Block Heater Types; Water or Oill Pan
There is no comparison. The water jacket heater is the only one to use. This heats the whole engine block instead of just 4 or 5 qts of oil. Hot oil hitting cold galleries/rails adds up to cold oil and cold block. Cold oil hitting warm block (tremendous mass and heat inertia) adds up to warm block with warming oil through galleries.
The biggest benefit of the water jacket heater is that the moving metal parts, i.e. the crank and cam shaft and valve train, are warm at startup. Most metals are less ductile the colder they get, so the stresses are increased each cycle/rotation when rotating or reciprocating. This increases the stresses in the moving parts during the natural harmonic vibrations of a running engine.

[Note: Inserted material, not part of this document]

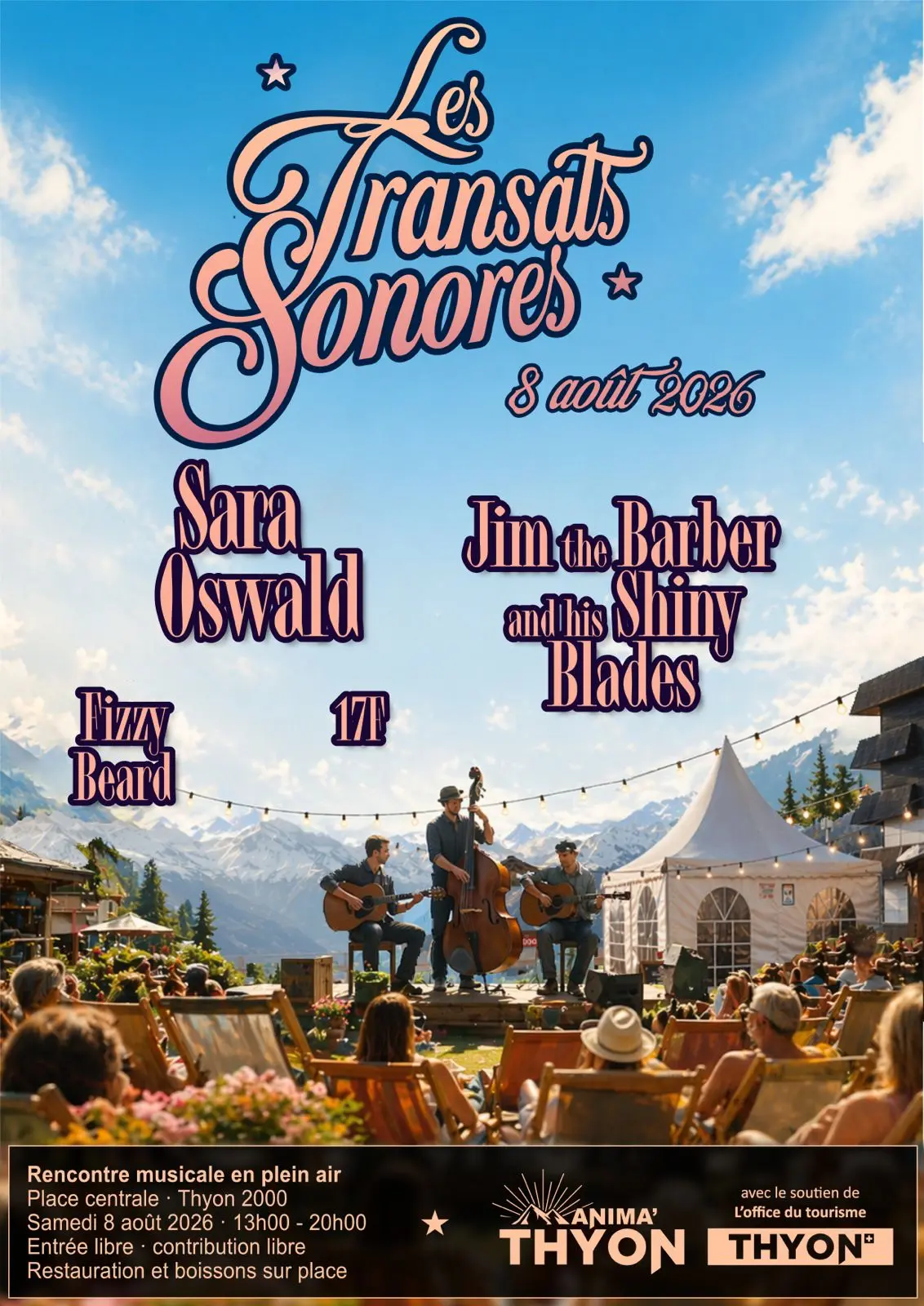Festival en plein air au coeur de Thyon 2000 le 8 août ? Venez nombreux de 13h à 20h pour profiter des différents groupes de musique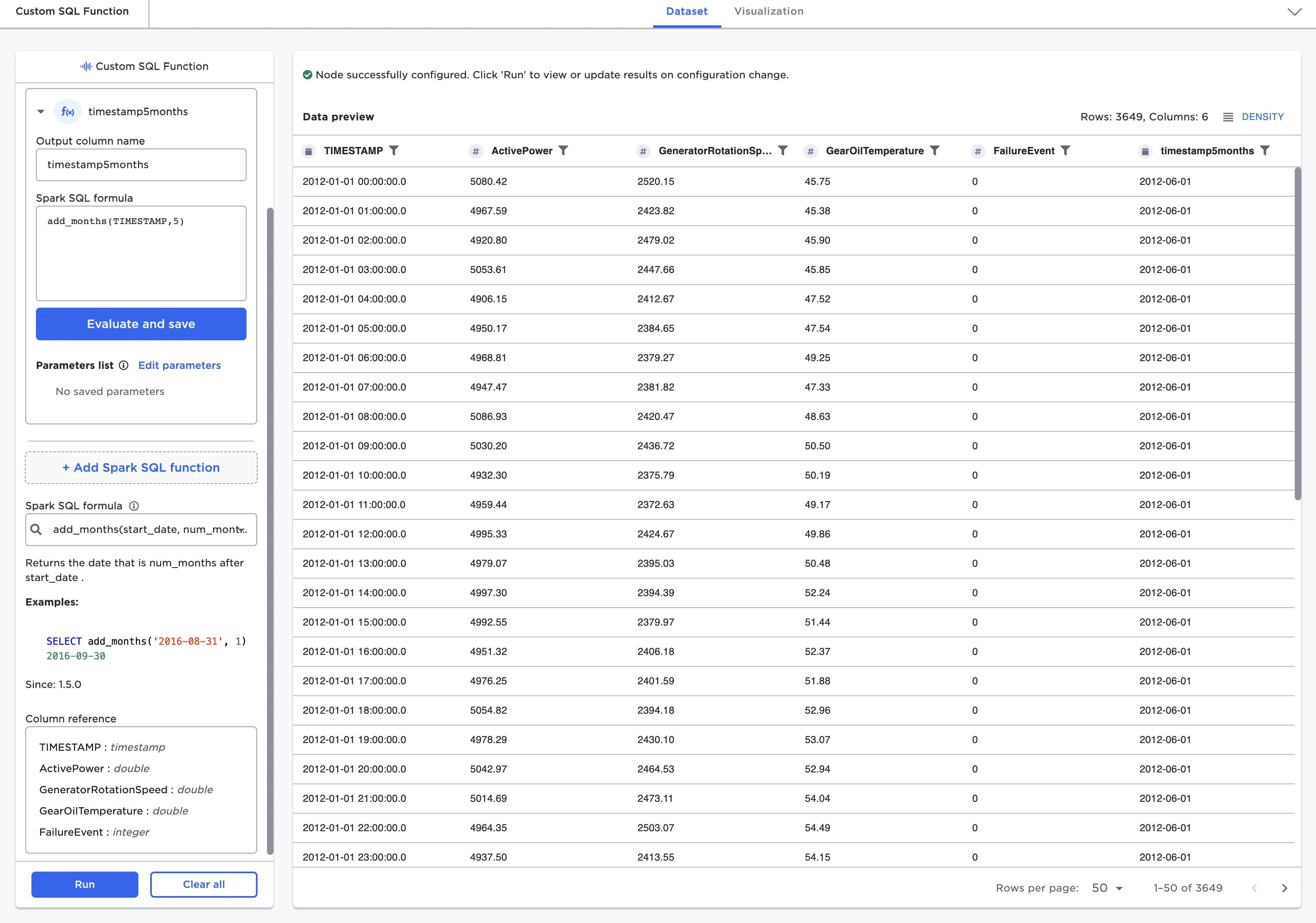The Custom SQL expression node allows users to perform any Spark SQL operation on a dataframe. A list of available columns is provided. The user must "evaluate and save" the SQL expression to ensure it is valid before running the node.

IN A NUTSHELL; Use synthetic oils in the winter. If your area gets extremely cold for prolonged periods, get a water jacket heater. Use a timer. About three hours is a good number, as mentioned by someone, to pre-heat.
The oilpan heaters allow the car to crank easier, which makes you feel good, but do little to eliminate the root downside of cold starts.
PS; I change my oil once a year with semi-synthetic, or synthetic, period. I do it in the spring to eliminate any acids that may have developed from winter shutdown condensation in the oil. I use to be an every 3000 mi. man, but, well, maybe I'm just getting old and lazy, but, I did do alot of research.